Meclis Plan ve Bütçe Komisyonu’nda konuşan Cumhuriyet Halk Partisi (CHP) Balıkesir Milletvekili Fikret Şahin yurt dışından kaçak olarak yaklaşık 50 bin ton civarında zeytinyağının Türkiye piyasasına girdiğini açıkladı. Zeytinyağının Türkiye’nin selefi ÖSO grupları ile 18 Mart’ta girdiği Afrin’den getirildiğini doğrulayan Tarım ve Orman Bakanı Bekir Pakdemirli, “Hükümet olarak PKK’nın eline gelir geçsin istemiyoruz, Afrin’de gelir bize geçsin istiyoruz” diye belirtmişti. Mezopotamya Ajansı’ndan (MA) Elif Çetiner’e konuşan GIDA-İş Sendikası Başkanı Seyit Aslan, getirilen zeytin ve zeytinyağının yerli üreticiyi zora sokacağını belirterek, parasının nereye gittiğini sordu.
‘Daha önce de petrol kaçakçılığı vardı’
Türkiye’de bugüne kadar zeytin veya zeytinyağı ithalatının yapılamadığını hatırlatan Aslan, “Geçtiğimiz yıl Tunus’dan kısmi olarak zeytin ithal edildi ama üreticilerin tepkisinin ardından hükümetin bunu dayanışma için yaptığı ve bir daha yapmayacağı yönünde açıklamalar geldi” diye belirtti. Marmara Birliği’n zeytin taban fiyatını açıkladığını ve Afrin’den gelen zeytinyağının bundan sonra duyurulduğunu ifade eden Aslan, “Marmara Birlik fiyat listesini açıkladı ama alımları bir süre durdurduğunu açıkladı. Bunun sebebinin ne olduğuna dair herhangi bir açıklama söz konusu değil. Bilindiği gibi Türkiye ile Suriye arasında daha önce de sınırdan petrol kaçakçılığı vardı. Çok yüklü miktarda petrolün piyasaya sürüldüğü yönünde iddialar vardı. Türkiye’nin Afrin’den ÖSO ya da başka güçler üzerinden 50 bin ton zeytinyağı getirmiş olması çok şaşırtıcı değil” diye konuştu.

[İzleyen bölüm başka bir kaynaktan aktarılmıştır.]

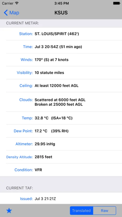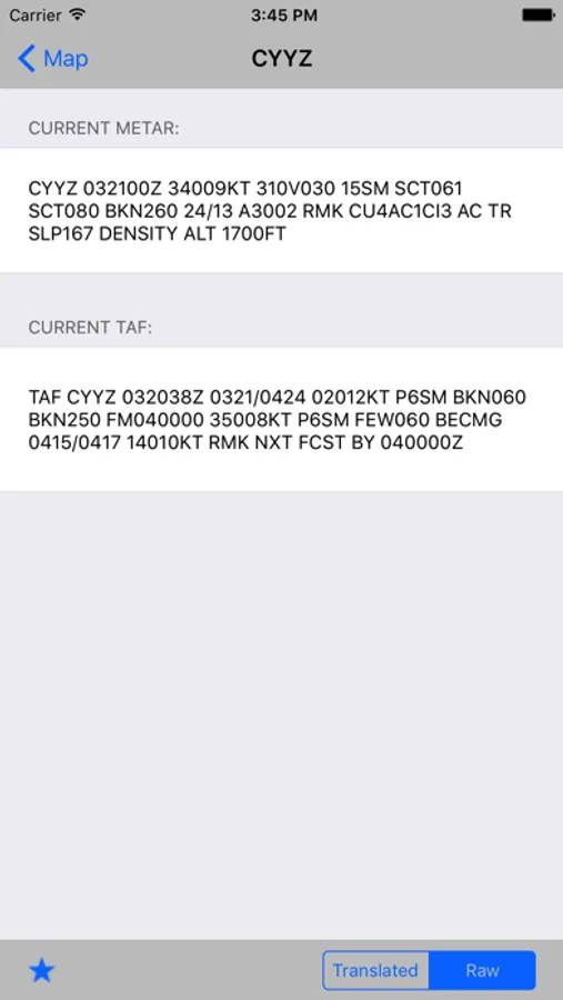 - display METARs (observations) and TAFs (forecasts) in their concise coded format, or view them in a helpful translated presentation

‘ÖSO’yu finanse etmek için mi’
Neden zeytinyağı ithal edildiğine dair resmi açıklamaların olmadığını vurgulayan Aslan, verilen önergelerde bakanlıkların açıklamalarının tatmin edici olmadığını da sözlerine ekledi. Aslan, devamla şunları ifade etti: “Piyasada getirilen zeytinyağları ile ilgili bir hareketlilik oldu. Bu hükümetin nasıl keyfi tutum içinde olduğunu, kendisinin koyduğu yasaları da çiğneyerek hukuk dışı işler yapabileceğini göstermiştir. Bunun ÖSO’nun finanse edilmesi için mi kullanıldığı da akıllarda yer alan başka bir soru işareti olarak duruyor.”
‘Tekel oluşturulmak isteniyor’
Belli siyasi çıkarlar uğruna üreticilerin zor koşullar içine sürüklendiğini sözlerine ekleyen Aslan, şunları dile getirdi: “Şuan iç piyasada satılan sıvı yağların büyük kesimi ABD’den getiriliyor. Ortada oluşturulmaya çalışılan bir tekel söz konusu. Tekel oluşturarak fiyat belirlemeyi kendi ellerine almak istiyorlar. Üreticiden tüketiciye giden süreçte kişileri tefecilere muhtaç etmeye hizmet ediyorlar. Alınan yağ ile hükümetin neye hizmet etmeye çalıştığı çok açık ortada.”
‘Ganimetten başka bir şey değil’
Afrin’de topraklarını bırakıp gitmek zorunda kalan bir halkın olduğunu söyleyen Aslan, sözlerini şöyle sürdürdü: ”Bu halkın emeğine el konularak Türkiye’ye getirilmesi ganimetten öte bir şey. Bu asla kabul edilir bir durum değil. Bu aslında bölgedeki savaşın boyutlarının nereye vardığının da göstergesi. O ülkenin değerlerine el konuluyor. Ganimet değil yaşanan tam anlamı ile halkın yaşamına el koymaktır. O halkın ürünleri ile kendi iç piyasasının dengelerini bozan ve kendi halkını da mağdur eden bir siyaset izleniyor.”
‘Haksız kazanca karşı ortak tutum’
Bu durumun son bulması için girişimlerin başlatılması gerektiğini belirten Aslan, sözlerini şöyle tamamladı: “Başta üreticiler ile iç içe olan Marmara Birlik gibi yapıların üreticileri koruyacak önlemler alması gerekir. İlgili sendikalar ve üreticiler bir araya gelerek haksız kazanç için programlar oluşturması ve gerekli hukuki girişimler başlatması önemli adımlardan biri olacaktır. Hükümetin yürüttüğü bu politikalara karşı üreticiler ve tüketiciler ortak tutum almalı.”